The various trips to the Middle East made by mainstream blacks in the wake of the Andrew Young Affair showed that the Arab-Israeli conflict remained a lightning rod for expressions of black grievances and concern about identity, place, and political action in America at the dawn of the 1980s. The Palestinian question provided the spark for a revival of the 1960s-era demand that blacks be able to develop and pursue their own analyses of international issues and American foreign policy questions without being challenged or held back by whites, including erstwhile liberal supporters. Just like SNCC had done more than a decade earlier, groups like the SCLC insisted in the wake of the Young affair that black Americans had just as much right to independent thinking and action in the realm of foreign affairs as any other ethnic group. If Jews could claim a stake in America’s attitudes toward the Arab-Israeli conflict, then so could blacks. Nothing less than the very political identity and freedom of movement of American blacks was at stake in the drama that unfolded after Young’s resignation in 1979.

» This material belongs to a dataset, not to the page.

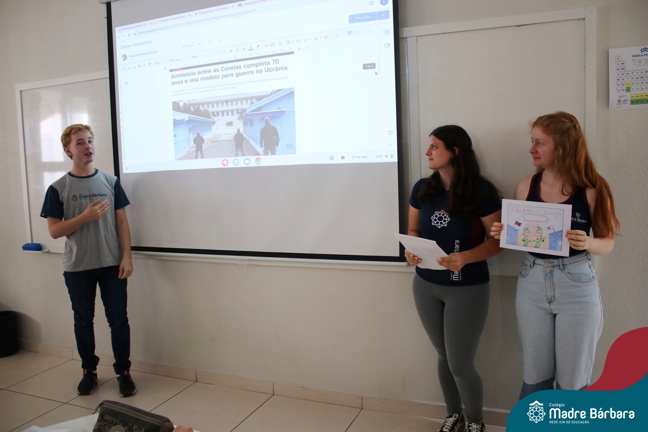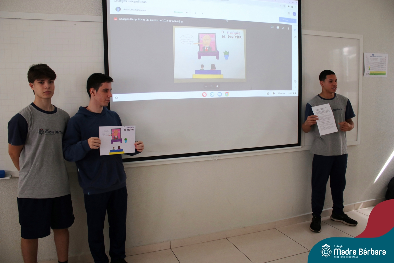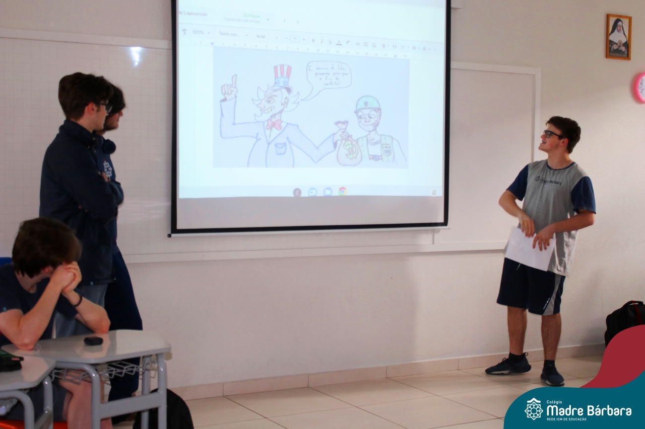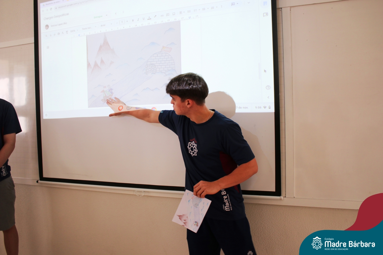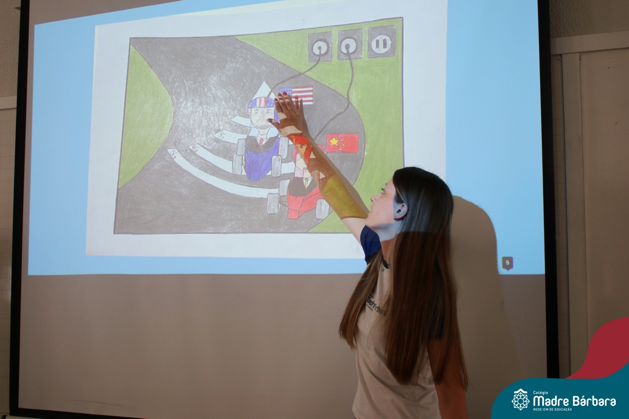 Durante as duas últimas semanas, os estudantes dos segundos anos do Novo Ensino Médio foram desafiados a criarem charges, a partir de uma notícia veiculada em veículos jornalísticos renomados. As mesmas deveriam conter elementos típicos desta forma de linguagem: tons críticos ou satíricos ligados a algum acontecimento narrado no campo jornalístico, desenvolvidos na aula de Língua Portuguesa, ministrada pela professora Francieli Winck. Os conteúdos desenvolvidos relacionaram-se à temática de conflitos, tensões e disputas internacionais, ministrados, ao longo do ano, pelo professor Lucas Schneider, da disciplina de Núcleo de Estudos em Geopolítica.

Perhaps the most significant takeaway from the affair and the black responses to it was just how much understanding of the plight of the Palestinian people had moved from the radical fringes to the mainstream of black American politics since SNCC first made its case publicly twelve years earlier. Black Power was essentially dead and gone by the waning years of the Carter presidency, yet its belief that the Palestinians were a fellow people of color that deserved their support, not to mention its vision for robust black participation in foreign policy matters dealing with the Middle East, remained.